Cubierta

Sudhir Kakar
y Katharina Kakar

LA INDIA

Retrato de una sociedad

Traducción del inglés de Patricia Palomar Recio

Editorial Kairós

Sumario

Introducción

El hombre jerárquico

La red de la vida familiar

La autoridad en la cultura india

La interiorización de la casta

La suciedad y la discriminación

La mujer india: tradición y modernidad

Es una niña

La discriminación y la doncella

La etapa de la pubertad

El matrimonio: ¿es el amor necesario?

El hogar y el mundo

Sexualidad

El sexo en la India antigua

La mujer en el Kamasutra

El amor en los tiempos del Kamasutra

La sexualidad en los templos y la literatura de la India medieval

La sexualidad hoy en día

La sexualidad y la salud

Vírgenes y otras mujeres

La sexualidad en el matrimonio

Una sombra sobre la sexualidad masculina

La sexualidad alternativa

Salud y sanación: enfrentarse a la muerte

La salud y la enfermedad del cuerpo según el ayurveda

Cita con el doctor ayurvédico

La comida según la mente india

La salud y la medicina moderna

La concepción de la muerte

Religión y espiritualidad

El nacionalista hindú

El hindú flexible

El conflicto entre hindúes y musulmanes

El musulmán a los ojos del hindú

El hindú a los ojos del musulmán

Del conflicto a la violencia

El aumento gradual de la violencia

El papel de los demagogos religioso-políticos

Rumores y disturbios

El marco moral de la violencia

El futuro del conflicto hindú-musulmán

La mente india

La visión hindú del mundo

El moksha, el propósito de la vida

El dharma, lo correcto y lo incorrecto

El karma y el renacimiento según la mente india

Yo y el otro: separación y conexión

Lo masculino y lo femenino

Notas y referencias

Notas de la traductora

INTRODUCCIÓN

Nuestro libro versa sobre la identidad india, la “indianidad”, esa parte cultural de la mente que conforma las actividades y preocupaciones de la vida diaria de un gran número de indios sirviéndoles de guía en el viaje de la vida. La actitud hacia superiores y subordinados, la elección de la comida para gozar de salud y vitalidad, la red de deberes y obligaciones en la vida familiar, esferas en las que influye la parte cultural de la mente tanto o más que en las ideas sobre la relación adecuada entre los dos sexos, o sobre la relación ideal con dios. Por supuesto, los elementos culturales propios de la familia, la casta, la clase o el grupo étnico pueden modificar y revestir la herencia que la civilización pueda dejar en una persona india. Con todo y con ello, se mantiene una sensación subyacente de indianidad, incluso en la tercera o cuarta generación en la diáspora india en todo el mundo –y no solo cuando se reúnen para la celebración de DiwaliI o para ver una película de Bollywood–.

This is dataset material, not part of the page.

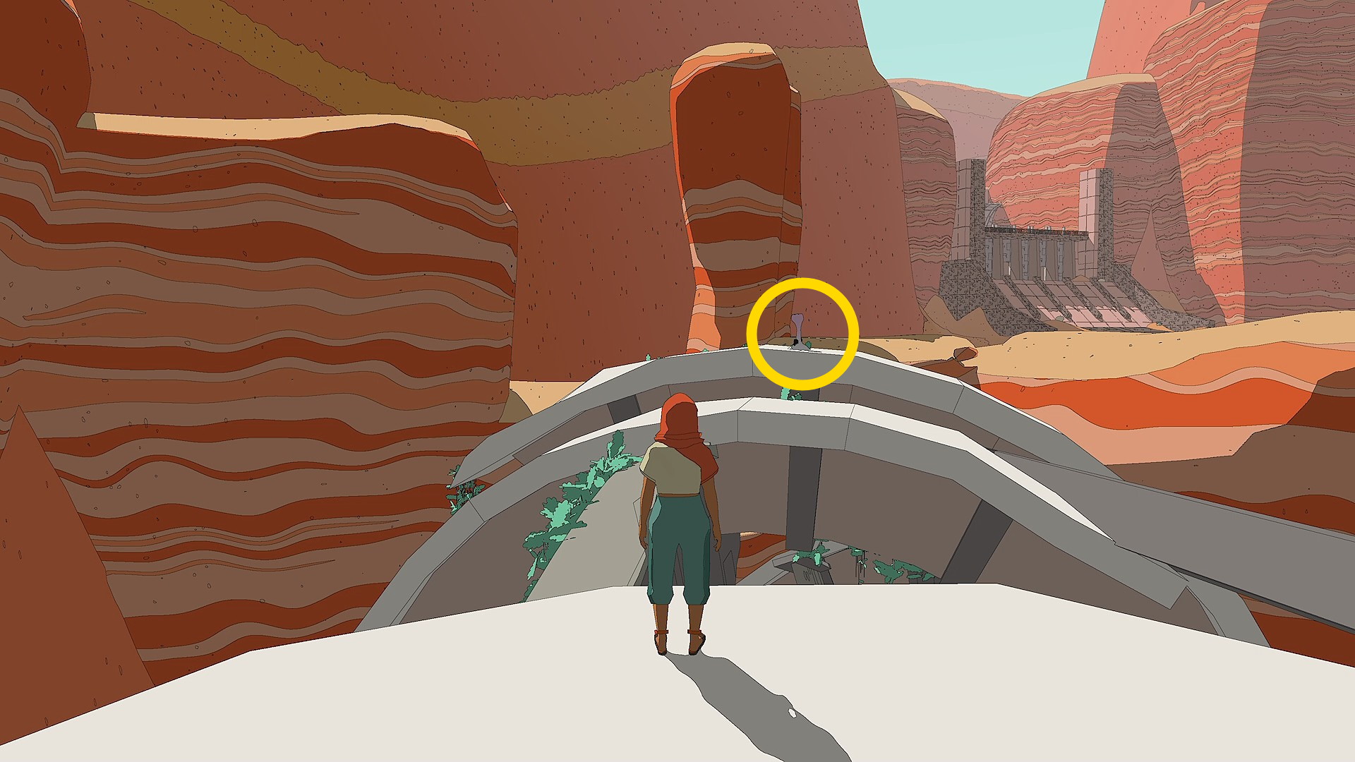 - ダムのようなゲートを出たら、左前方に半円のゲートが設置された高台がある

La identidad no es un rol, o sucesión de roles, con lo que a menudo se la confunde. No es una prenda que uno pueda ponerse o quitarse según qué tiempo haga; no es “fluida”, pero sí está marcada por un sentimiento de continuidad y uniformidad independientemente de dónde se encuentre la persona a lo largo de su vida. La identidad de un ser humano –de la cual la cultura en la que ha crecido es una parte esencial– es lo que le hace reconocerse a sí mismo y ser reconocido por las personas que constituyen su mundo. No es algo que el ser humano haya escogido, sino algo que se ha apoderado de él. Es algo que puede doler, que uno puede maldecir o lamentar, pero de lo que uno no puede desprenderse, aunque pueda ocultarlo a los otros o, tristemente, a sí mismo.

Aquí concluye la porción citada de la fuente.